I was attempting to compute the distributional Laplacian of the function $|x|^{2-n}$ in $\mathbb{R}^n$ for $n \geq 3$.
I have reduced it down to showing that, setting $r = |x|$, the identity $$\partial_r \log r = C(n)r^{n-1}\delta$$ holds in the distributional sense, where $C(n)$ is some dimensional constant and $\delta$ is the Dirac delta at the origin.
I was unable to find this computation anywhere before for this higher dimensional case. The one dimensional case is almost tautologically the principal value distribution of $1/x$, which is certainly not a Dirac delta. Therefore, I'd at least like some idea of why it would become a Dirac delta in higher dimensions, if not a full computation.
I'll give a sketched proof, and I can fill in details tomorrow morning, if need be.

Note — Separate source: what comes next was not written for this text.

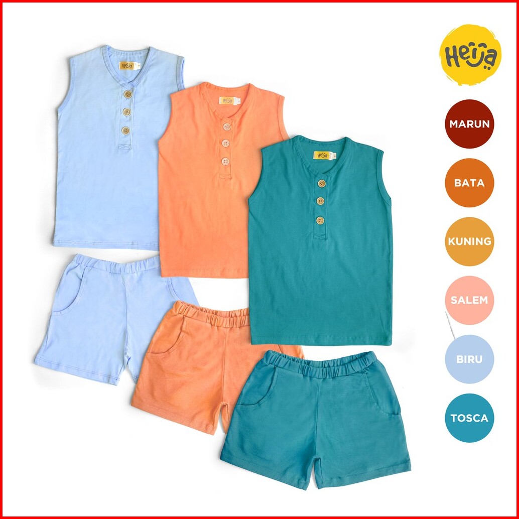 Kaos Anak Lengan Buntung Setelan Baju Rumah Ozy Warna Motif Polos 1-10 Tahun

Proof: Let $u\in C_0^\infty(\mathbb{R}^n)$, and set $\Omega_\epsilon=\mathbb{R}^n\setminus B_\epsilon(0).$ Then, \begin{align*}\langle \Delta u,|x|^{2-n}\rangle &=\lim_{\epsilon\rightarrow 0}\int\limits_{\Omega_\epsilon}\Delta u\cdot |x|^{2-n} dx\\ &=\lim_{\epsilon\rightarrow 0}\int\limits_{\Omega_\epsilon}(\Delta u|x|^{2-n}-u\Delta |x|^{2-n})dx,\end{align*} using that $\Delta|x|^{2-n}=0$ for $x\neq 0.$ Applying Green's formula, we get that the above equals $$-\lim_{\epsilon\rightarrow 0}\int\limits_{\partial B_\epsilon(0)}(\epsilon ^{2-n}\partial_r u-(2-n)\epsilon^{1-n})dS.$$ Since $A(\partial B_\epsilon(0))=\epsilon^{n-1} A(S^{n-1}),$ the above limit is $-(n-2)u(0) A(S^{n-1})$, as desired.